(Records provided begins)

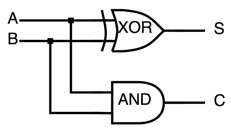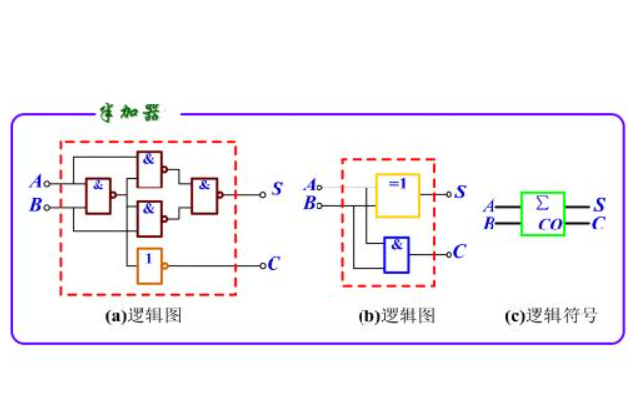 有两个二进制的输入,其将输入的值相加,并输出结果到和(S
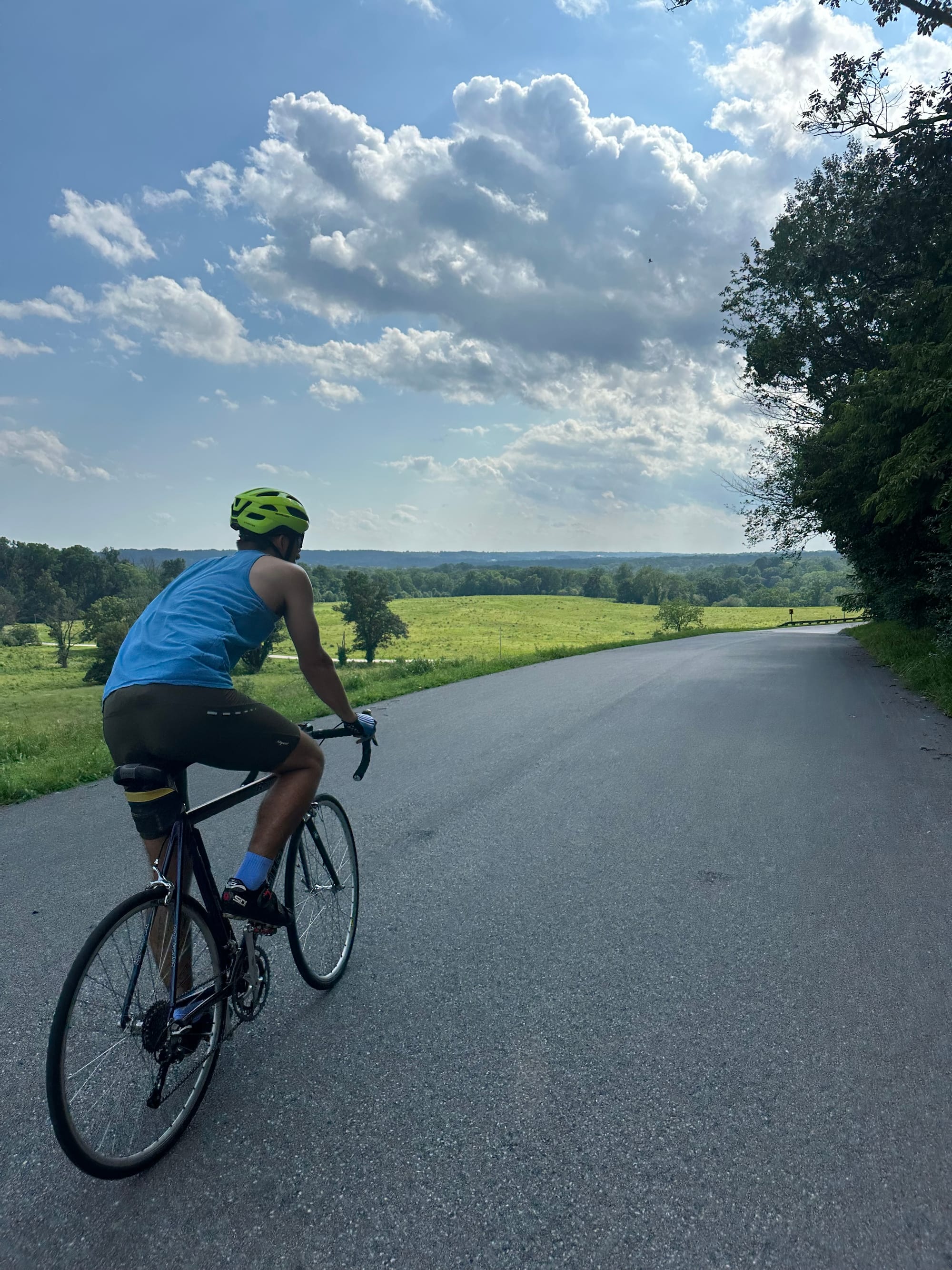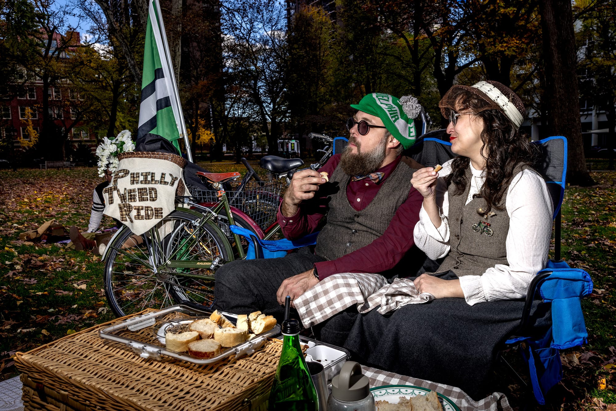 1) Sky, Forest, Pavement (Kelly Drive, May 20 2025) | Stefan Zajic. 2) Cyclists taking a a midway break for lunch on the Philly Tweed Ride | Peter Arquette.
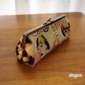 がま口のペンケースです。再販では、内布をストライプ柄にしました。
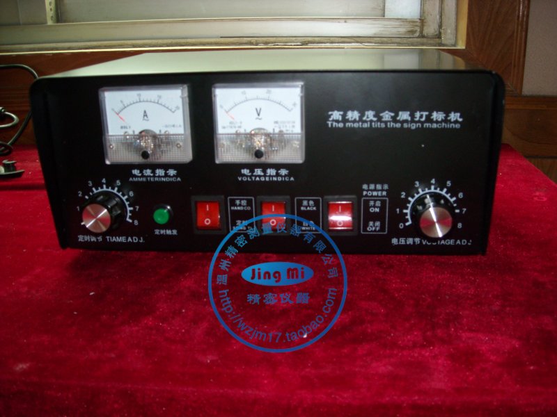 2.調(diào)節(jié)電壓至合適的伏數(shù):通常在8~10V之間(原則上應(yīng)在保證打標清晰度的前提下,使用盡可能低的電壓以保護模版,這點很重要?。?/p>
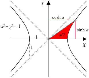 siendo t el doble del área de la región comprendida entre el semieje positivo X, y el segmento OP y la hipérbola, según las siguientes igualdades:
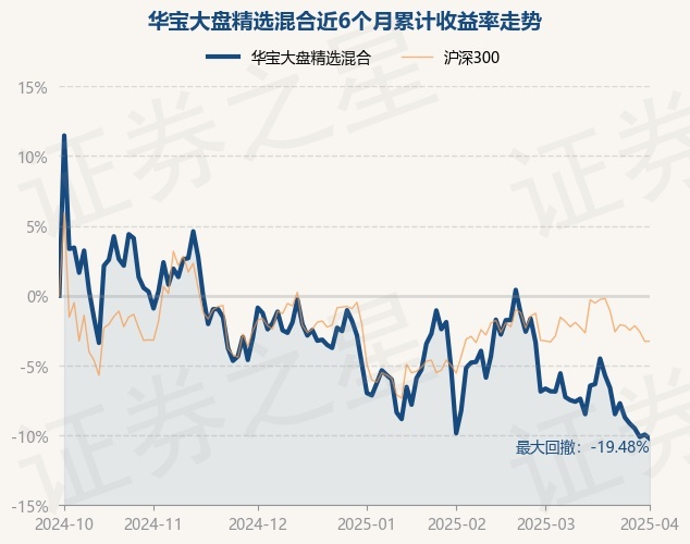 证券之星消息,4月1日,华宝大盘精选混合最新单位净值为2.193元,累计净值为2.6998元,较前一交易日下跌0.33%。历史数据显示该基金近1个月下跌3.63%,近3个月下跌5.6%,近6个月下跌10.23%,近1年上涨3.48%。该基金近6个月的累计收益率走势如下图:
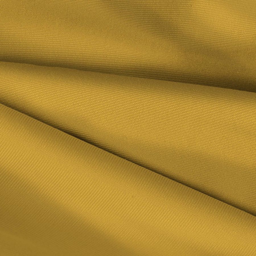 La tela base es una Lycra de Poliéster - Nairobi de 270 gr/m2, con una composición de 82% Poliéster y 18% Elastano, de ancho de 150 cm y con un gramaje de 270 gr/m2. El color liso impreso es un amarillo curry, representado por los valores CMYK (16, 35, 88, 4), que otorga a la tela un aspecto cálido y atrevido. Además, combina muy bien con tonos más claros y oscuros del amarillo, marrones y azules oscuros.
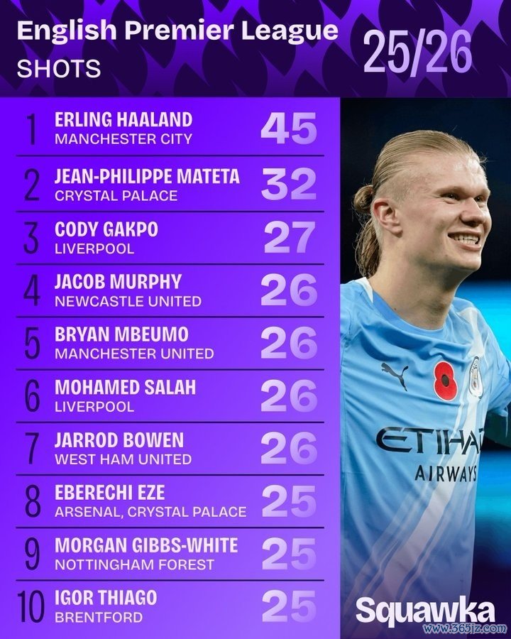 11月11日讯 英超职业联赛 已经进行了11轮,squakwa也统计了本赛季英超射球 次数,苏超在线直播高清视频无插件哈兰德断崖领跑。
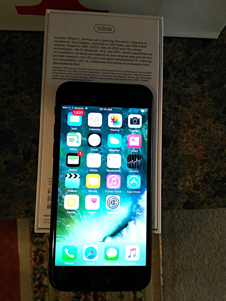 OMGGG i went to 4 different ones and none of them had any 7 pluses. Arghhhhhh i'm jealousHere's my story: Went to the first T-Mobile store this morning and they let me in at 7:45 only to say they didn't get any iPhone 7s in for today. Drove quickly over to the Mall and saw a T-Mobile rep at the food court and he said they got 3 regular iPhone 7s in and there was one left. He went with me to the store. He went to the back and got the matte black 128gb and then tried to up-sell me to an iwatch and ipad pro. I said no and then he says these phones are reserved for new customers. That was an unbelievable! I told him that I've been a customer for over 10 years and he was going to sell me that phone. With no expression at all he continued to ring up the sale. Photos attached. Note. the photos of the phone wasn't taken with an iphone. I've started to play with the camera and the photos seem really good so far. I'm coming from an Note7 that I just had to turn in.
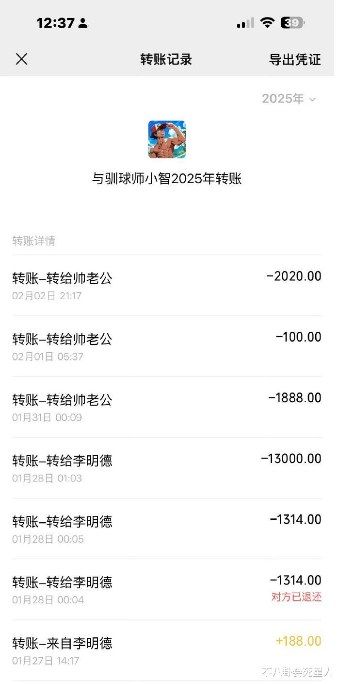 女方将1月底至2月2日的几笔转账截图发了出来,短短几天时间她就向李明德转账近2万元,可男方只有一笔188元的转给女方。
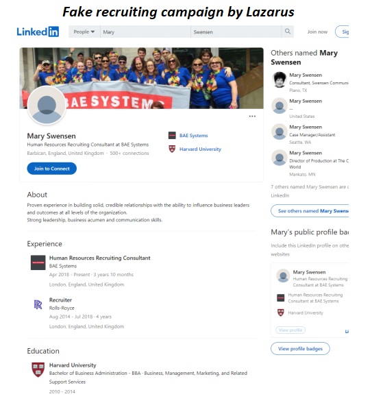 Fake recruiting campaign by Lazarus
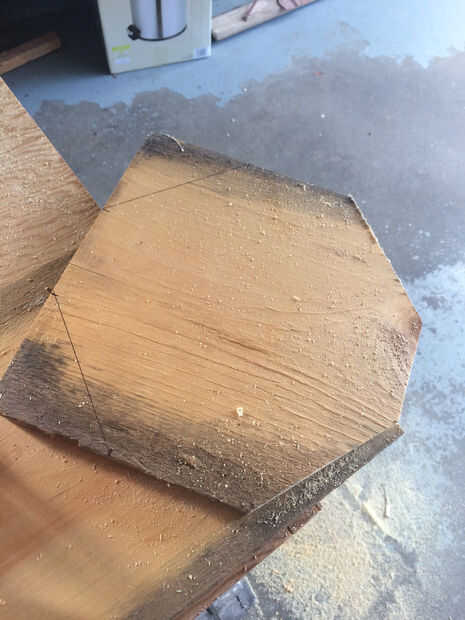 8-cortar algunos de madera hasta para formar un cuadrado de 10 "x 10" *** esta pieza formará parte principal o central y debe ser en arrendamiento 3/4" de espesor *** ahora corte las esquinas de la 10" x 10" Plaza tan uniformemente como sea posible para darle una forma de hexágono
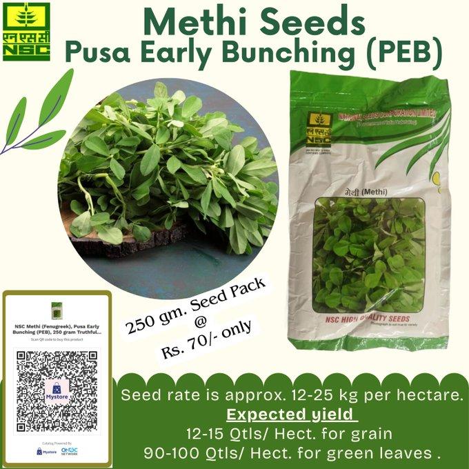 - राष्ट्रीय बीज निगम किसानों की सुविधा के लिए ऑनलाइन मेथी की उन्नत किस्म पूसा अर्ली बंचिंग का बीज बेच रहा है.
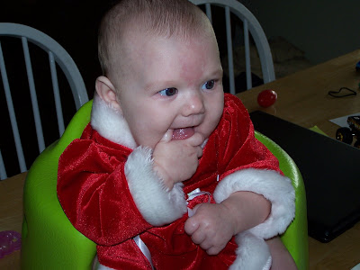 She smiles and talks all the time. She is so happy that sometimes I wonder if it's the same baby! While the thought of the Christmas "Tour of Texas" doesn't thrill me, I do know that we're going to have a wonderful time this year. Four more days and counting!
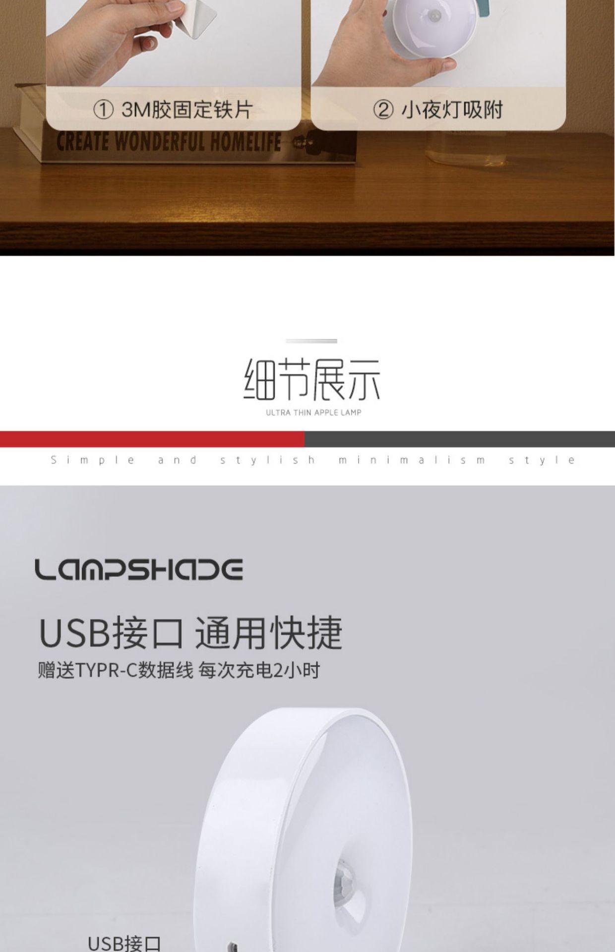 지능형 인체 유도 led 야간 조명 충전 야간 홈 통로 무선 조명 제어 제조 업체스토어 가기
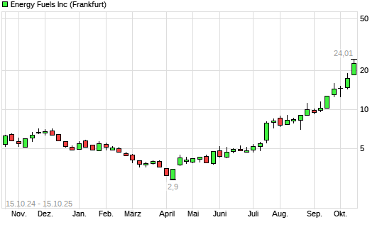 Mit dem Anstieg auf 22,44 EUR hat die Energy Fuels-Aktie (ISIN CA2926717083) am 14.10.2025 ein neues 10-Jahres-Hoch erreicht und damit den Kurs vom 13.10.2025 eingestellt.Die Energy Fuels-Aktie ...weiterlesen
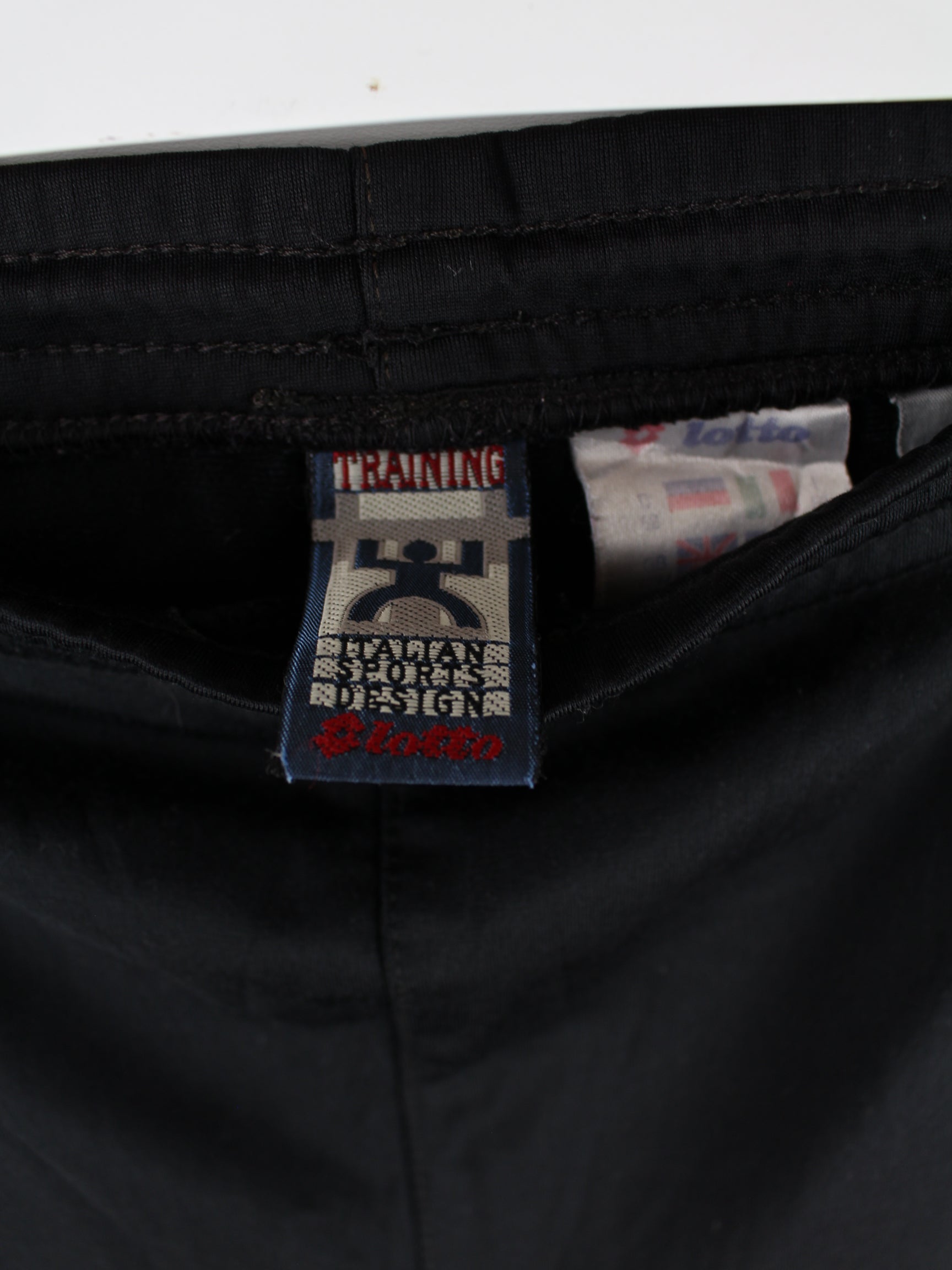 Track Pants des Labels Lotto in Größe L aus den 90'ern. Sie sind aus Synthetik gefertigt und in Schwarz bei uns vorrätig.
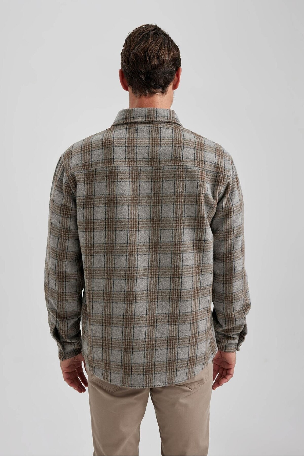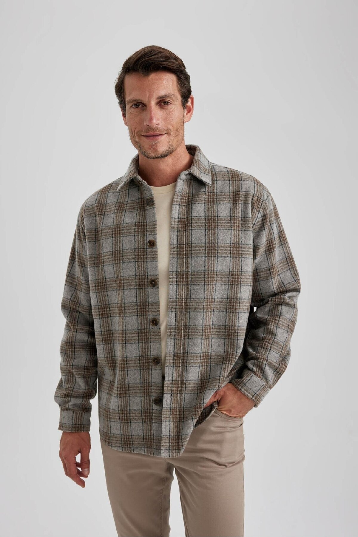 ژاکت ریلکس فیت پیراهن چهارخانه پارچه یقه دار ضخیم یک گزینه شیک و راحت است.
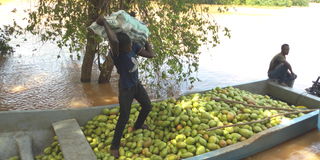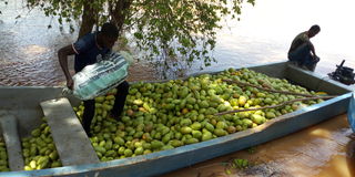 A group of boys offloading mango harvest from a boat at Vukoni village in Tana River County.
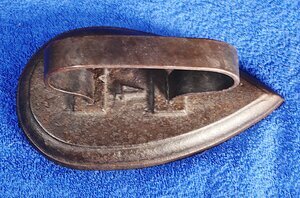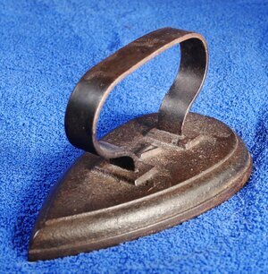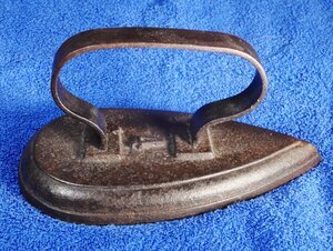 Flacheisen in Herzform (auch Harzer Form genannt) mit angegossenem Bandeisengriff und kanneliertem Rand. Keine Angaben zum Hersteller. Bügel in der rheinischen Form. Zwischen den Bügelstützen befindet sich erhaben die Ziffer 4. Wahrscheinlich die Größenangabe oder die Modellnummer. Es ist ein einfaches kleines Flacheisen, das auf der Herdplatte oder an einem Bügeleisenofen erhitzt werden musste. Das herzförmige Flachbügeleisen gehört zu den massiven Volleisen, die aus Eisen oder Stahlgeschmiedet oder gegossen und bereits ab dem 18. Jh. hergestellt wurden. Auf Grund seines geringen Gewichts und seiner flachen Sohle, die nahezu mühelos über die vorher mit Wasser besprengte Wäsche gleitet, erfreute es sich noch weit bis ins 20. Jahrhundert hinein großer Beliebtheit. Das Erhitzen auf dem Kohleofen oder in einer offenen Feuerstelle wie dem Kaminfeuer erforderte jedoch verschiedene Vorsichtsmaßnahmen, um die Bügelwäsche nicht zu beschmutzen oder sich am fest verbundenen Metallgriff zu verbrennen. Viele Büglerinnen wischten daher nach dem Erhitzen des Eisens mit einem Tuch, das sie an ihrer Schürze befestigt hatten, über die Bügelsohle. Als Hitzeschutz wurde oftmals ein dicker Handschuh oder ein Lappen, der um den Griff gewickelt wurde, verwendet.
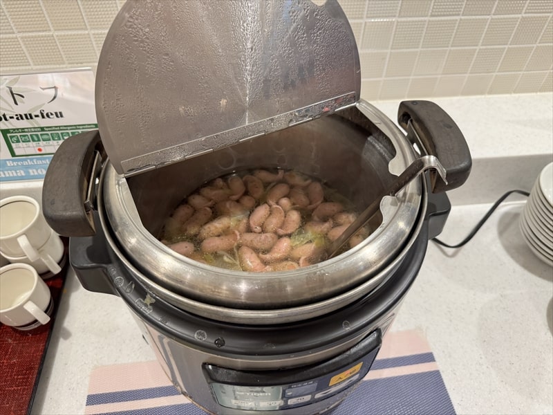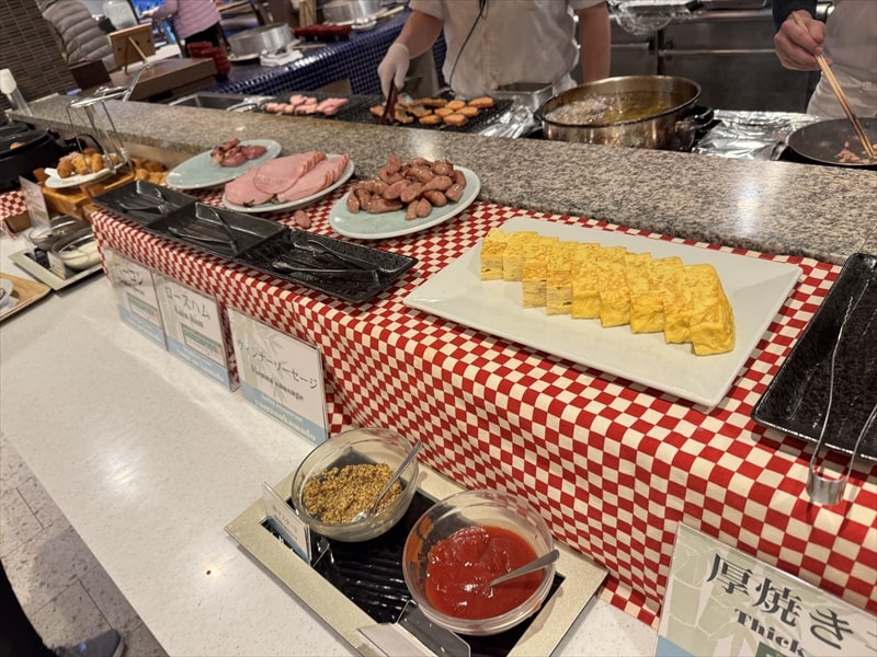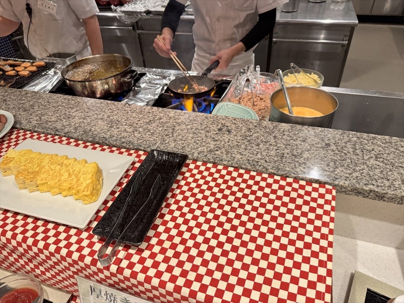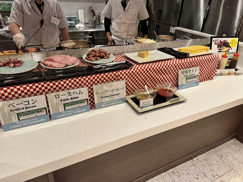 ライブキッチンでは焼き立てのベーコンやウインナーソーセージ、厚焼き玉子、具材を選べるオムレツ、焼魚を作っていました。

(Records provided ends)

§ Task: Above are the records; copy exactly the lines from the one with "がま口のペンケースです。再販では、内布をストライプ柄にしました。" through the one with "siendo t el", including both, and nothing more. Leave out pictures.

§ Written answer:
 がま口のペンケースです。再販では、内布をストライプ柄にしました。
 2.調(diào)節(jié)電壓至合適的伏數(shù):通常在8~10V之間(原則上應(yīng)在保證打標清晰度的前提下,使用盡可能低的電壓以保護模版,這點很重要?。?/p>
 siendo t el doble del área de la región comprendida entre el semieje positivo X, y el segmento OP y la hipérbola, según las siguientes igualdades:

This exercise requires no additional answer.